**Goal of the exercise**
Could you copy exactly the lines below, beginning at the line with "こんなモノも送られてきた。と" and stopping after the line with "하지만 모든 칩이 13Gbps의", with no pictures?

**Data records**

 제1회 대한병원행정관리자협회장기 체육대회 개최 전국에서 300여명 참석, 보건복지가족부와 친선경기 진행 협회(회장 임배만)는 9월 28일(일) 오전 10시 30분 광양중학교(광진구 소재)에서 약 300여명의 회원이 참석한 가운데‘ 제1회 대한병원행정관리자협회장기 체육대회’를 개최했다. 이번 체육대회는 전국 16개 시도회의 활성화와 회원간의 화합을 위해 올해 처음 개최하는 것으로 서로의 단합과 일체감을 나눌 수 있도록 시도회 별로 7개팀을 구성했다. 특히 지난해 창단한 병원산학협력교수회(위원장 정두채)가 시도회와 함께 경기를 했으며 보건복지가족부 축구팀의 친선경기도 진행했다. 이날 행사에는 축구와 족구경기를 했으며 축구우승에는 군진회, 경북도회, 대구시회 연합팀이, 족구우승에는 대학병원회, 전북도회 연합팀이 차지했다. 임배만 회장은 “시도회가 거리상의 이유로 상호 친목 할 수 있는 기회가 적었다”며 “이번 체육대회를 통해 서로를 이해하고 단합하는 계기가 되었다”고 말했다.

==

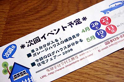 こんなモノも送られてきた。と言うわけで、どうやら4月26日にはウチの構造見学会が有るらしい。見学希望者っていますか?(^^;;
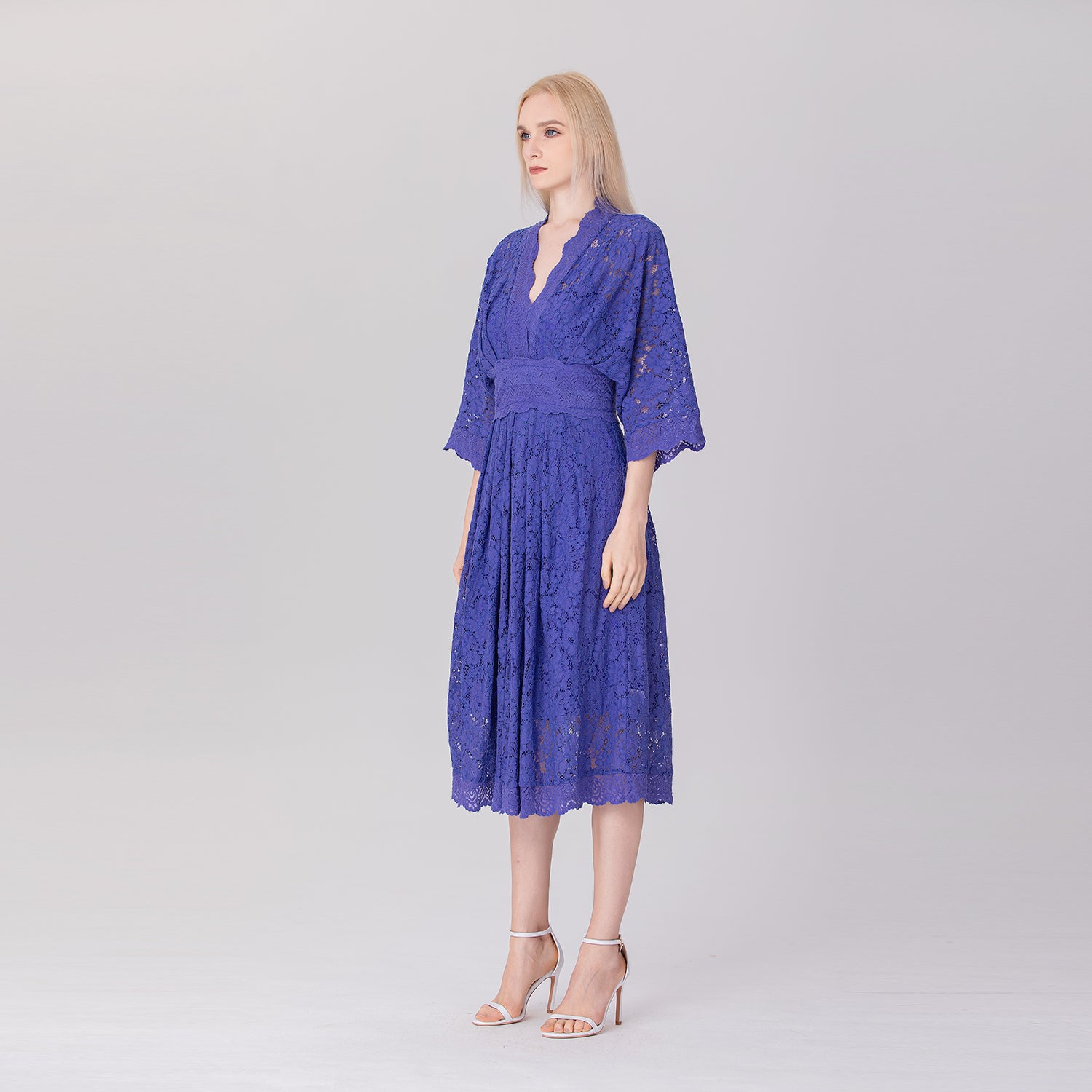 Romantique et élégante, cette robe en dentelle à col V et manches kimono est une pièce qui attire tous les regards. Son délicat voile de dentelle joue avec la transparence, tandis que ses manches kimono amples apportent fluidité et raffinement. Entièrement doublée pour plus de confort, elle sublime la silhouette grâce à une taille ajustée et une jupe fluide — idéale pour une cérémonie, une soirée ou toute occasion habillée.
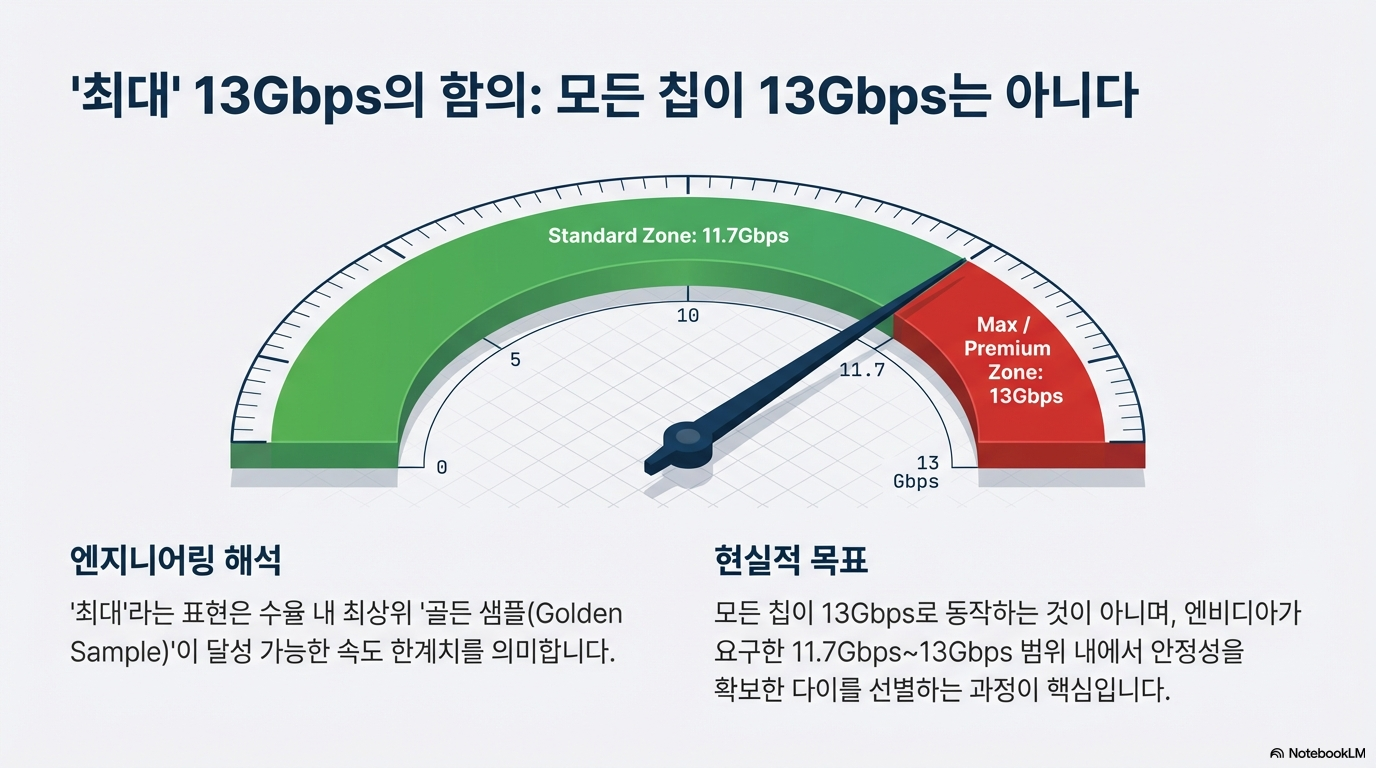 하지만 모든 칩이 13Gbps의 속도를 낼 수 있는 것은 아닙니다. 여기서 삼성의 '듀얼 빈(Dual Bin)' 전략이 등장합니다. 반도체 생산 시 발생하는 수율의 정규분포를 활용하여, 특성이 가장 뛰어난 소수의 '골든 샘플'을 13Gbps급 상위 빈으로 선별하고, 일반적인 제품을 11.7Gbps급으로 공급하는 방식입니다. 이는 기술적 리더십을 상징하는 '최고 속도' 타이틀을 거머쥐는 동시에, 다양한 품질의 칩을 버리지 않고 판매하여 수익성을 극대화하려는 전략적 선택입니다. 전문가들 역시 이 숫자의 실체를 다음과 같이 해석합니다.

* * *

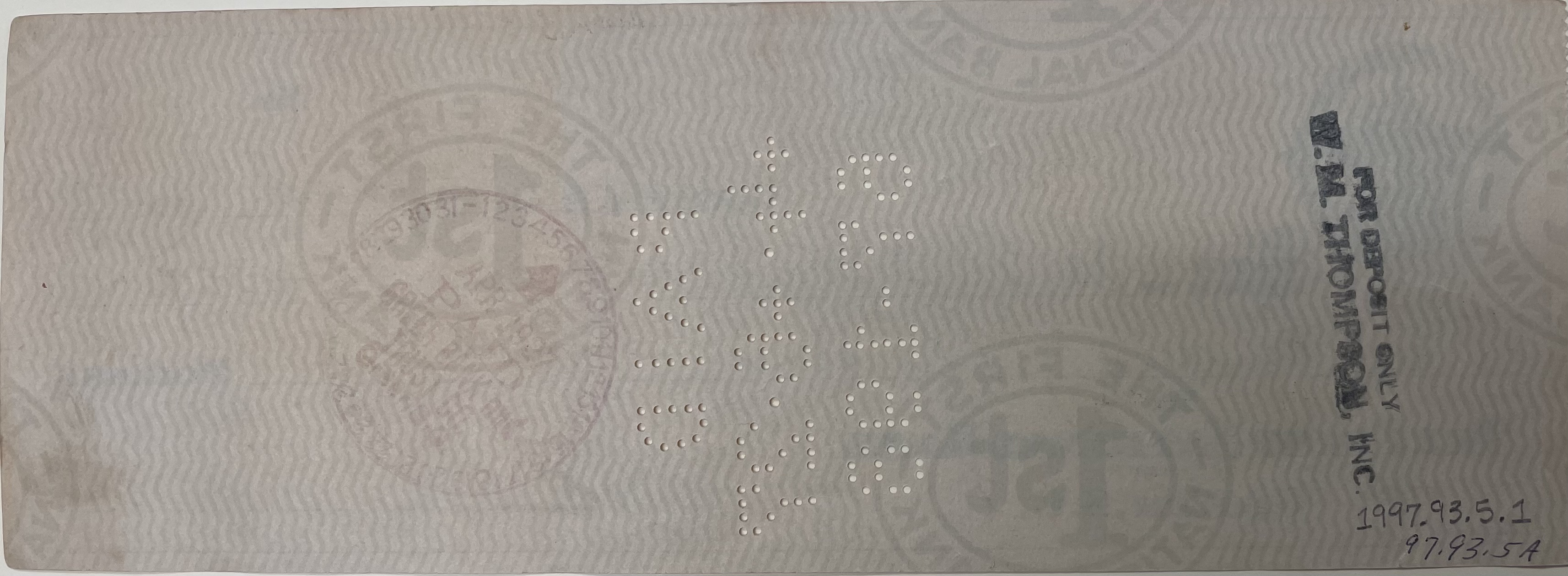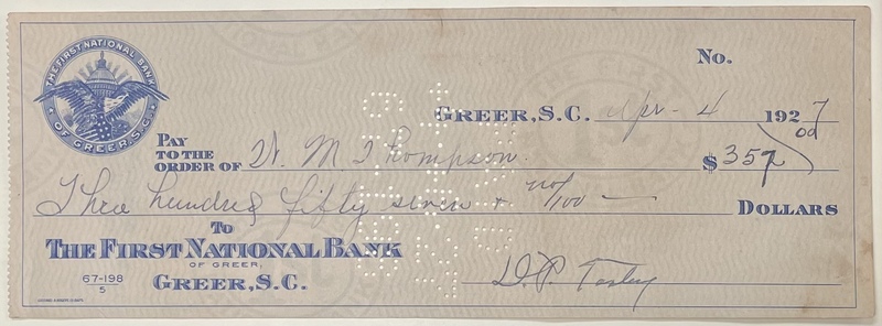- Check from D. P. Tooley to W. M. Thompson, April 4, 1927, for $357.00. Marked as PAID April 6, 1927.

**Response box**
 こんなモノも送られてきた。と言うわけで、どうやら4月26日にはウチの構造見学会が有るらしい。見学希望者っていますか?(^^;;
 Romantique et élégante, cette robe en dentelle à col V et manches kimono est une pièce qui attire tous les regards. Son délicat voile de dentelle joue avec la transparence, tandis que ses manches kimono amples apportent fluidité et raffinement. Entièrement doublée pour plus de confort, elle sublime la silhouette grâce à une taille ajustée et une jupe fluide — idéale pour une cérémonie, une soirée ou toute occasion habillée.
 하지만 모든 칩이 13Gbps의 속도를 낼 수 있는 것은 아닙니다. 여기서 삼성의 '듀얼 빈(Dual Bin)' 전략이 등장합니다. 반도체 생산 시 발생하는 수율의 정규분포를 활용하여, 특성이 가장 뛰어난 소수의 '골든 샘플'을 13Gbps급 상위 빈으로 선별하고, 일반적인 제품을 11.7Gbps급으로 공급하는 방식입니다. 이는 기술적 리더십을 상징하는 '최고 속도' 타이틀을 거머쥐는 동시에, 다양한 품질의 칩을 버리지 않고 판매하여 수익성을 극대화하려는 전략적 선택입니다. 전문가들 역시 이 숫자의 실체를 다음과 같이 해석합니다.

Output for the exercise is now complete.